With the stakes so high, the international community cannot afford to pin its hopes on the Annan plan. Instead, it should accept the hard lessons of the past 14 months and redirect its efforts toward changing the balance of power on the ground.

Those countries with a stake in Syria's future should do their utmost to help Syrians organize a broad-based national movement that unites people on the basis of opposition to the regime and commitment to a democratic Syria. This will require undoing the Assads' 42-year old "divide and rule" strategy, bringing together key groups of Syrian society such as minorities and tribes. These groups now have a crucial role to play to hasten the regime's demise and place Syria on a path to a democratic future.

There are indications that such a strategy would meet with success. Over the past few months, I have conducted extensive roundtable discussions with many Syrian constituencies -- such as tribal figures, members of established families, religious leaders, and representatives of the Kurdish community -- whose interests are often poorly understood by the outside world. From these conversations, I have found that there is a growing desire among tribal groups from the strategically important eastern and northern areas of Syria to resist Assad, including through military means, and to unite with other groups, particularly the Kurds. In turn, some Kurdish leaders have indicated their willingness, in ongoing private conversations with the tribes, to engage with these groups. Although the Kurds are divided in their stance toward the revolution, all want their culture and rights recognized in a post-Assad Syria. Other communities, such as the Christians and Druze, have largely stayed on the sidelines in the absence of a Syrian national project in which they have confidence.

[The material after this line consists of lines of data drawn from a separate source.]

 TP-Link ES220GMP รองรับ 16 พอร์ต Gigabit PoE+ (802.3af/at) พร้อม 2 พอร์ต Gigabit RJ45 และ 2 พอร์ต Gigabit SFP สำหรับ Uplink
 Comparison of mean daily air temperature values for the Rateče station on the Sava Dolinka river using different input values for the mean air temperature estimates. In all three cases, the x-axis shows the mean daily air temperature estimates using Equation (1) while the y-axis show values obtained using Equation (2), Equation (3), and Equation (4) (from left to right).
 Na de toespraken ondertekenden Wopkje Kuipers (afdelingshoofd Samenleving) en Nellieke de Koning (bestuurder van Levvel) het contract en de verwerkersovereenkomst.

The Syrian National Council (SNC), an anti-Assad opposition body that operates largely outside the country, has assumed international importance as "a legitimate representative of the Syrian people," in the words of the "Friends of the Syrian People" group. However, my conversations with tribal and minority figures clearly reveal that they have little confidence in the SNC. Many point to the fact that it has no presence on the ground, and most are suspicious of the influence that the Muslim Brotherhood and its perceived patron, Turkey, wield within the organization.

These groups express greater support for the fragmented FSA, even if it has struggled to establish a clear command-and-control structure inside Syria from its Turkish base. Tribal figures have stated that they want the international community to support the FSA by providing expert assistance and help with communications and specific armaments. They worry that the uncoordinated, steady trickle of arms through private sources and the determined efforts of jihadists to enter Syria through Iraq will lead only to further chaos. They also point out that many FSA leaders and ordinary soldiers are "sons of the tribes," and that more would join its ranks if the FSA had greater external support. Notably, there is also increasing talk of a military alliance between the FSA -- in collaboration with the SNC -- and the tribes and Kurds.

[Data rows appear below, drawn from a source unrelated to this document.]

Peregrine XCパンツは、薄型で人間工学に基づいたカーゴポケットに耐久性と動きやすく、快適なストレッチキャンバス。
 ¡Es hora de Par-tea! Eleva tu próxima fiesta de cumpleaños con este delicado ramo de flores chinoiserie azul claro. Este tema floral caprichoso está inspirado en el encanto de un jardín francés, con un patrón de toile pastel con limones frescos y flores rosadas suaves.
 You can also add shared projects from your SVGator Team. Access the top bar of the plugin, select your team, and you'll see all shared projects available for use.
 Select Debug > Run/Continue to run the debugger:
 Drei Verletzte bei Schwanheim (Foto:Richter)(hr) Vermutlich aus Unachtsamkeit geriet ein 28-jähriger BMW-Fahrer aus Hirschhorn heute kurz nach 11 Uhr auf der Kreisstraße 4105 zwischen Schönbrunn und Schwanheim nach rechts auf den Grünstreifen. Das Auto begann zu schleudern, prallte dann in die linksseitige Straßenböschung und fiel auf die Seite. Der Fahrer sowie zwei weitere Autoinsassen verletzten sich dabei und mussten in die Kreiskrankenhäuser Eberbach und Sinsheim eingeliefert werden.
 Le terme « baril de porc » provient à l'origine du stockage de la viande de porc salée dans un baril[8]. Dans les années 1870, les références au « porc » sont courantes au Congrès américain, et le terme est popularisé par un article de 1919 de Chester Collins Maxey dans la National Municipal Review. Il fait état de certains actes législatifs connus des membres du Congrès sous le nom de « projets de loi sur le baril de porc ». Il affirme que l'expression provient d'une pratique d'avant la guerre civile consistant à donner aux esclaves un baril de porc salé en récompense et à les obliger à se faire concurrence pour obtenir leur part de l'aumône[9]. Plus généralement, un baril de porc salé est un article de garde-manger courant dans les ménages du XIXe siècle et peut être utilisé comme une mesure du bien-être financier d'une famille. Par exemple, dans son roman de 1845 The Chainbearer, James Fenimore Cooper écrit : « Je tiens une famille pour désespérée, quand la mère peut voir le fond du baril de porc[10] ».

The world should abandon the fiction that the Assad regime can be persuaded to reach a political accommodation with its adversaries. Rather, it is time for a renewed effort to forge a genuine united front, including all groups in Syria's social fabric, dedicated to Assad's downfall and the establishment of a pluralistic, democratic state in the aftermath. This effort needs stronger international backing today -- opposition leaders inside and outside the country do not have the resources to unite their ranks alone. If an endeavor to create a genuine grand opposition coalition were to succeed, the Assad regime would face a greater political and military challenge than ever before, stretching its forces to a breaking point. With Annan's peace plan in tatters, that's a goal the international community should embrace.